= Phymean Noun =

Phymean Noun is an activist for Cambodian children, winner of the 2015 World's Children's Prize for the Rights of the Child, and founder of the People Improvement Organization.

==Early life==
Noun was born in Cambodia. When she was 10, her mother developed cancer and died when Noun was 15. Her extended family either had died during Pol Pot or had fled to Thailand. Her sister also fled as well. Her mother, while alive, told Phymean how important an education was, despite education being banned during Pol Pot's regime. Noun was then left living alone and had to care for her 2-year-old niece. Noun continued her education while caring for her niece, and struggled to pay for her education. She earned $5 a month copying books at night. She went on to finish high school in 1989.

==Career and activism ==
Noun went to go find her sister in a refugee camp, and was offered a job with the UN. She eventually got another job an international NGO, and worked with the UN and said NGO for over 12 years. This changed when she was eating lunch one day and threw out her chicken bones, and some children ran to get them. She started a conversation with them, and they told her that they were poor and could not afford school.
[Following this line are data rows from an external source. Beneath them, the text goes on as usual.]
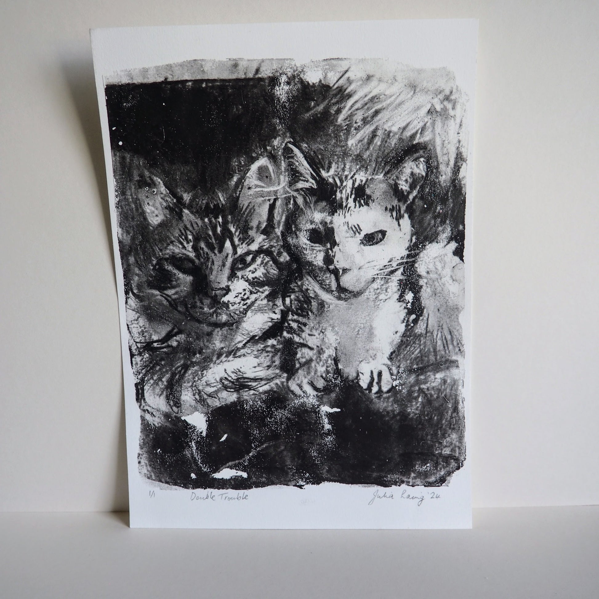 Charcoal Monoprint Artwork on Paper of Two Cats 'Double Trouble'
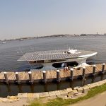 A shot of the largest solar powered boat sitting at the dock in Boston harbor.
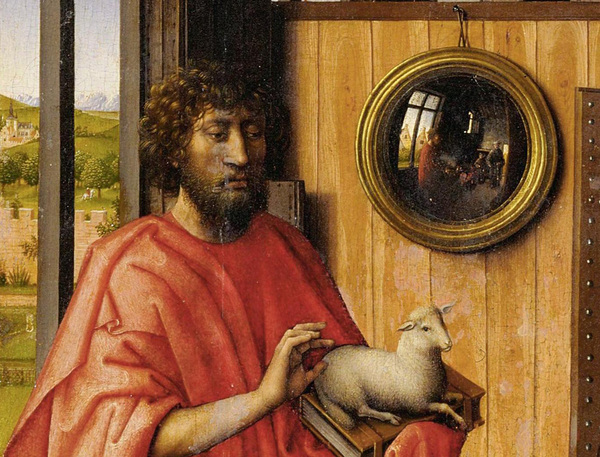 Тициан. «Женщина перед зеркалом» ок. 1515 г. // Робер Кампен. «Алтарь Верля (триптих). Левая часть. Иоанн Креститель и Генрих фон Верль» 1438 г. Фрагмент
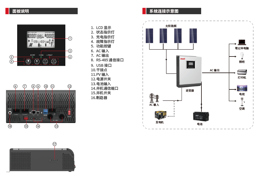 PV1800 LHM 系列是一款純正弦波高頻太陽能逆變控制一體機(jī)、輸出電壓為110V,逆變器采用高頻設(shè)計,具有功率密度高、體積小、操作簡單、整機(jī)效率高、空載損耗小等優(yōu)點(diǎn)。廣泛應(yīng)用于戶用型系統(tǒng)、通訊基站、監(jiān)控系統(tǒng)、牧區(qū)、5G 輔助供電等。

According to Noun, "I dreamed every night about if I can somehow help all those children that want to go to school just like other kids who have their parent’s support." In 2002, she quit her job to do just that, and founded the People Improvement Organization (PIO). She sold her house and spent $30,000 of her own funds to found her first school at Phnom Penh's biggest trash dump, which is a source of child labor. At the garbage dump, the children risk their lives every day to pick garbage, and many are buried alive in the garbage pit or run over by garbage trucks. Noun's school lets them be able to get an education, food, healthcare, vocational training, and water. As of 2015, over a thousand children currently go to school there. She eventually wishes to expand PIO to other countries, and continue to support Cambodian children.

==Honors and awards==
In 2005, she was named a CNN Hero by CNN. She was nominated by one of her teachers to receive the award. Noun was honored as a 2015 winner of The World's Children's Prize for The Rights of the Child.